On Thu, Jul 01, 2021 at 03:17:16PM +0530, Sachin Sant wrote:
> 
> 
> > On 24-Jun-2021, at 4:48 PM, Odin Ugedal <odin@uged.al> wrote:
> > 
> > The _sum and _avg values are in general sync together with the PELT
> > divider. They are however not always completely in perfect sync,
> > resulting in situations where _sum gets to zero while _avg stays
> > positive. Such situations are undesirable.
> > 
> > This comes from the fact that PELT will increase period_contrib, also
> > increasing the PELT divider, without updating _sum and _avg values to
> > stay in perfect sync where (_sum == _avg * divider). However, such PELT
> > change will never lower _sum, making it impossible to end up in a
> > situation where _sum is zero and _avg is not.
> > 
> > Therefore, we need to ensure that when subtracting load outside PELT,
> > that when _sum is zero, _avg is also set to zero. This occurs when
> > (_sum < _avg * divider), and the subtracted (_avg * divider) is bigger
> > or equal to the current _sum, while the subtracted _avg is smaller than
> > the current _avg.
> > 
> > Reported-by: Sachin Sant <sachinp@linux.vnet.ibm.com>
> > Reported-by: Naresh Kamboju <naresh.kamboju@linaro.org>
> > Signed-off-by: Odin Ugedal <odin@uged.al>
> 
> Hello Odin, Vincent,
> 
> The issue of kernel warning(during boot) seen on Power sever, reported few days back is not completely fixed.
> I am able to recreate this issue with latest 5.13 kernel(which has this fix)
> 
> # git log --oneline kernel/sched/fair.c
> a6eaf3850cb1 Merge tag 'sched-urgent-2021-06-30' of git://git.kernel.org/pub/scm/linux/kernel/git/tip/tip
> 54a728dc5e4f Merge tag 'sched-core-2021-06-28' of git://git.kernel.org/pub/scm/linux/kernel/git/tip/tip
> 1c35b07e6d39 sched/fair: Ensure _sum and _avg values stay consistent  <<==
> 

What was HEAD when you checked this? 1c35b07e6d39 was merged in the
5.14-rc1 merge window so would not be in 5.13.

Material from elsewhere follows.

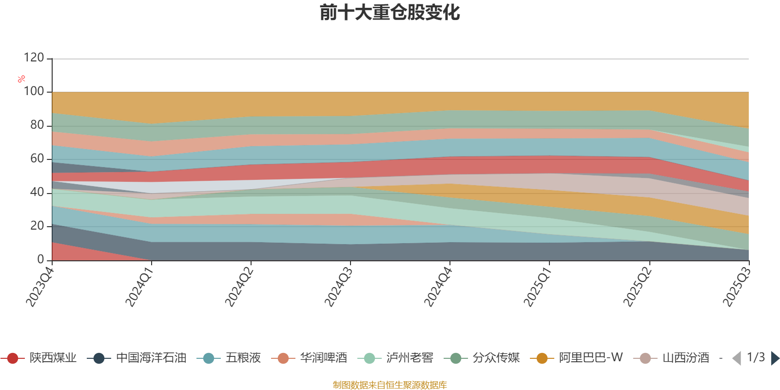 该基金持股集中度较高,近2年前十大重仓股集中度长期超过60%。截至2025年三季度末,基金十大重仓股分别是阿里巴巴-W、腾讯控股、贵州茅台、山西汾酒、分众传媒、巨子生物、中国海洋石油、古井贡酒、海大集团、宝丰能源。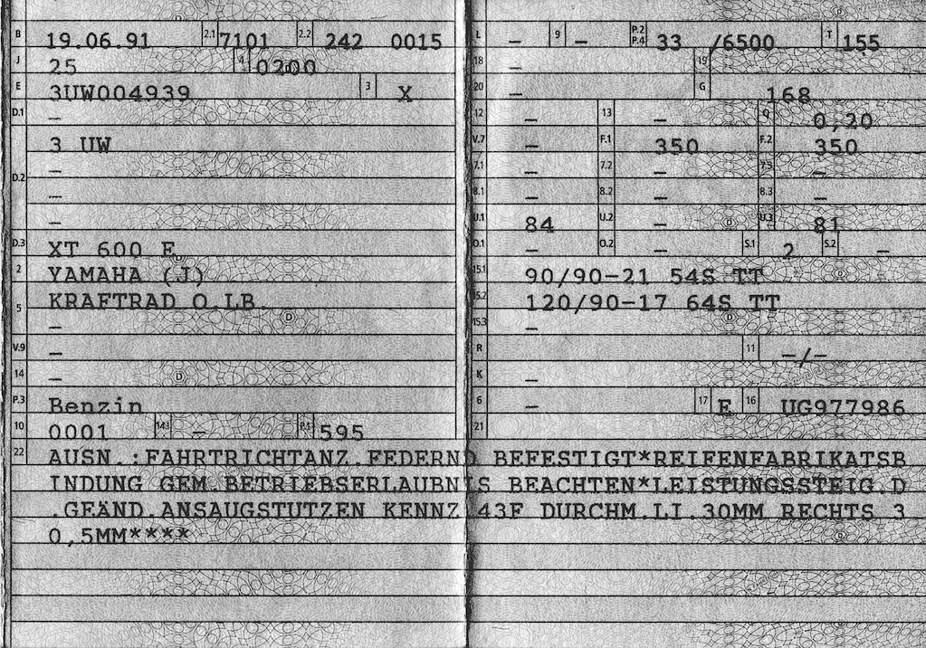 Das "E" steht in meinem Fall nicht für E-Starter, denn ich habe nur 'n Kicker.romani hat geschrieben: Vielleicht hat die XT von Ministreose E- und Kick-Starter und die von herr_dreier nur E-Starter?

# git log v5.13..origin/master --pretty=one | grep 1c35b07e
1c35b07e6d3986474e5635be566e7bc79d97c64d sched/fair: Ensure _sum and _avg values stay consistent

It's not tagged for stable and lacks a Fixes: tag so I don't think
it'll be automatically picked up for 5.13-stable unless Odin sends it
to stable@vger.kernel.org.

-- 
Mel Gorman
SUSE Labs

^ permalink raw reply	[flat|nested] 10+ messages in thread

* Re: [PATCH] sched/fair: Ensure _sum and _avg values stay consistent
  2021-07-01 10:34   ` Mel Gorman
@ 2021-07-01 11:09     ` Odin Ugedal
  2021-07-01 11:17       ` Vincent Guittot
  2021-07-01 11:45       ` Sachin Sant
  0 siblings, 2 replies; 10+ messages in thread
From: Odin Ugedal @ 2021-07-01 11:09 UTC (permalink / raw)
  To: Mel Gorman
  Cc: Sachin Sant, Odin Ugedal, Vincent Guittot, Peter Zijlstra,
	Naresh Kamboju, Ingo Molnar, open list

tor. 1. jul. 2021 kl. 12:34 skrev Mel Gorman <mgorman@techsingularity.net>:
>
> What was HEAD when you checked this? 1c35b07e6d39 was merged in the
> 5.14-rc1 merge window so would not be in 5.13.

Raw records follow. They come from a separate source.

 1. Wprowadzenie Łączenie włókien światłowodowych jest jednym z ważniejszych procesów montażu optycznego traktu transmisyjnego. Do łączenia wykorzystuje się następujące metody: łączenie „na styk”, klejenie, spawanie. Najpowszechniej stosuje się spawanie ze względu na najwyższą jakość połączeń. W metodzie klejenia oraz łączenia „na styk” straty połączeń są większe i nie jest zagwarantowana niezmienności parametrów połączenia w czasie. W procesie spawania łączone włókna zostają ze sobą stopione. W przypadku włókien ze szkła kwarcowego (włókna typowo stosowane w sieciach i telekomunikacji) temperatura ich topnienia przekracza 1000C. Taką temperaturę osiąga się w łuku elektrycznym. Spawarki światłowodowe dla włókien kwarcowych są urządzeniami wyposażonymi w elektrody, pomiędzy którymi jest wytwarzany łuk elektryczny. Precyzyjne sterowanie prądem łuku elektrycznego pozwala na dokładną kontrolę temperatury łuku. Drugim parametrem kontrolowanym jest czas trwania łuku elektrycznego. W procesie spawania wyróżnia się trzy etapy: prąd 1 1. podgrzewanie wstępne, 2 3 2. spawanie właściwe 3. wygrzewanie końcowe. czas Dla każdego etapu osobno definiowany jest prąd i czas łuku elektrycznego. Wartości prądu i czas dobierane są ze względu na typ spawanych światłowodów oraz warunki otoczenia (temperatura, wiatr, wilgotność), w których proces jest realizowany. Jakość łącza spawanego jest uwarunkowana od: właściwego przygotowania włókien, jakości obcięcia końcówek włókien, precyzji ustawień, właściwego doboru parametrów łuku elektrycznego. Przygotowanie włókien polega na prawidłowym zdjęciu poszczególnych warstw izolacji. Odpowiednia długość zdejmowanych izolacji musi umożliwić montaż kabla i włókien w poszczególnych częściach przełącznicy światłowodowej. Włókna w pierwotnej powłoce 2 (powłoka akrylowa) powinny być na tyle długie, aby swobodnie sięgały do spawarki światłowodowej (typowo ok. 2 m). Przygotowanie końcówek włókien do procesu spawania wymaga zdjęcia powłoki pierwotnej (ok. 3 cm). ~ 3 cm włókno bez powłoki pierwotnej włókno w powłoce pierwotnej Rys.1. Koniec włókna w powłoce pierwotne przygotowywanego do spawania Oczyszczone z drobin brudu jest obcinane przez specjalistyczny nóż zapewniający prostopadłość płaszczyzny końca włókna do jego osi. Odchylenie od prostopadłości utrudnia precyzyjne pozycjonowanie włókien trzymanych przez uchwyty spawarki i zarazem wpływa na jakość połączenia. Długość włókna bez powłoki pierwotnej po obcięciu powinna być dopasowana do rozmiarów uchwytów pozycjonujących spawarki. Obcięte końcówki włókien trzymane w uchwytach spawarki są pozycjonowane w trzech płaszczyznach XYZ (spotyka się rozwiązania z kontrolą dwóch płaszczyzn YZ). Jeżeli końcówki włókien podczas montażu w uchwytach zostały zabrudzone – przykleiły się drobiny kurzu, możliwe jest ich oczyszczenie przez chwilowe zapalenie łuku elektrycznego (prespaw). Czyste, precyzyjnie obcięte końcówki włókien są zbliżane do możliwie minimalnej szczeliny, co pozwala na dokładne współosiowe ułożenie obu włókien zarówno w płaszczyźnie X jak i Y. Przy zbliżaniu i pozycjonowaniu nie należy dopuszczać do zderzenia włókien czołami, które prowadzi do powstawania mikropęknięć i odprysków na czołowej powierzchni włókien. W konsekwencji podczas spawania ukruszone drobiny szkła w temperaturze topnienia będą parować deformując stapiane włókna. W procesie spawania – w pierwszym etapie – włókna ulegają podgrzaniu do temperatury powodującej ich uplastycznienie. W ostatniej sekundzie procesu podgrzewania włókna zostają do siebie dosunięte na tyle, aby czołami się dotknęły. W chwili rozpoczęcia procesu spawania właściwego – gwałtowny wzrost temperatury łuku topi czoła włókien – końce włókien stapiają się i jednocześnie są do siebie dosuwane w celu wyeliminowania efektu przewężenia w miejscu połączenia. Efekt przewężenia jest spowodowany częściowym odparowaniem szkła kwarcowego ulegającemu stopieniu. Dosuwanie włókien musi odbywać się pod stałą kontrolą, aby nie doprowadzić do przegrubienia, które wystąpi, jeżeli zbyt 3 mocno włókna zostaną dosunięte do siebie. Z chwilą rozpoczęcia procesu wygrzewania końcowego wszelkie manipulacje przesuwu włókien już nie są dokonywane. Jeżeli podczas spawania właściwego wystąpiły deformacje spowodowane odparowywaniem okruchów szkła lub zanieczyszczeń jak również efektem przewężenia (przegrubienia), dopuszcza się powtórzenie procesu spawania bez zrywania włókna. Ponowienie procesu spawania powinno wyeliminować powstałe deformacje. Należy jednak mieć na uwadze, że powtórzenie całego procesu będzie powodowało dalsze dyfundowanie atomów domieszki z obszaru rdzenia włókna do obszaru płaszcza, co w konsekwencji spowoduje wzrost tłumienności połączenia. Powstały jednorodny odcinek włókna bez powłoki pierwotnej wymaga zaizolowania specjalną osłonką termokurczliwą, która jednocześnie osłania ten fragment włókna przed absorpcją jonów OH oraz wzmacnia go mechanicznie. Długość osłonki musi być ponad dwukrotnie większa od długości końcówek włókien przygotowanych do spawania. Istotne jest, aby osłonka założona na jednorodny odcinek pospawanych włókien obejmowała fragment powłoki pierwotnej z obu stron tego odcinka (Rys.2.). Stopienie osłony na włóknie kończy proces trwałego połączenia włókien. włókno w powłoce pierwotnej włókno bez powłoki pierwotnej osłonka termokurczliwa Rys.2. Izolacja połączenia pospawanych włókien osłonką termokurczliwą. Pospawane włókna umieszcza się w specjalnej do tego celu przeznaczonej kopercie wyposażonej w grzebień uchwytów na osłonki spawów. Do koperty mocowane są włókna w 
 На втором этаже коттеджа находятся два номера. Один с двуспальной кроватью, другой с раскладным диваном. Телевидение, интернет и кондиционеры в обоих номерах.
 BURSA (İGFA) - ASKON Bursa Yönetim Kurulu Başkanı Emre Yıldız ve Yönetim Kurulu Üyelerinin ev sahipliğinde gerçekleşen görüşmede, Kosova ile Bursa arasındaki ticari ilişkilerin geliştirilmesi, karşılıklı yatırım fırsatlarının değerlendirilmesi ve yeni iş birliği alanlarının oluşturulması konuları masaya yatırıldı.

From the kernel log it looks like he used commit dbe69e433722
(somewhere in Linus' tree), and that should include my patch. I don't
think the patches from Vincent in the previous thread have been posted
properly, and I think those can fix the edge case you are seeing.

This should mitigate some issues:
https://lore.kernel.org/lkml/20210622143154.GA804@vingu-book/

while
https://lore.kernel.org/lkml/20210623071935.GA29143@vingu-book/
might also help in some cases as well.

Both of those are needed to make sure that *_avg is zero whenever *_sum is zero.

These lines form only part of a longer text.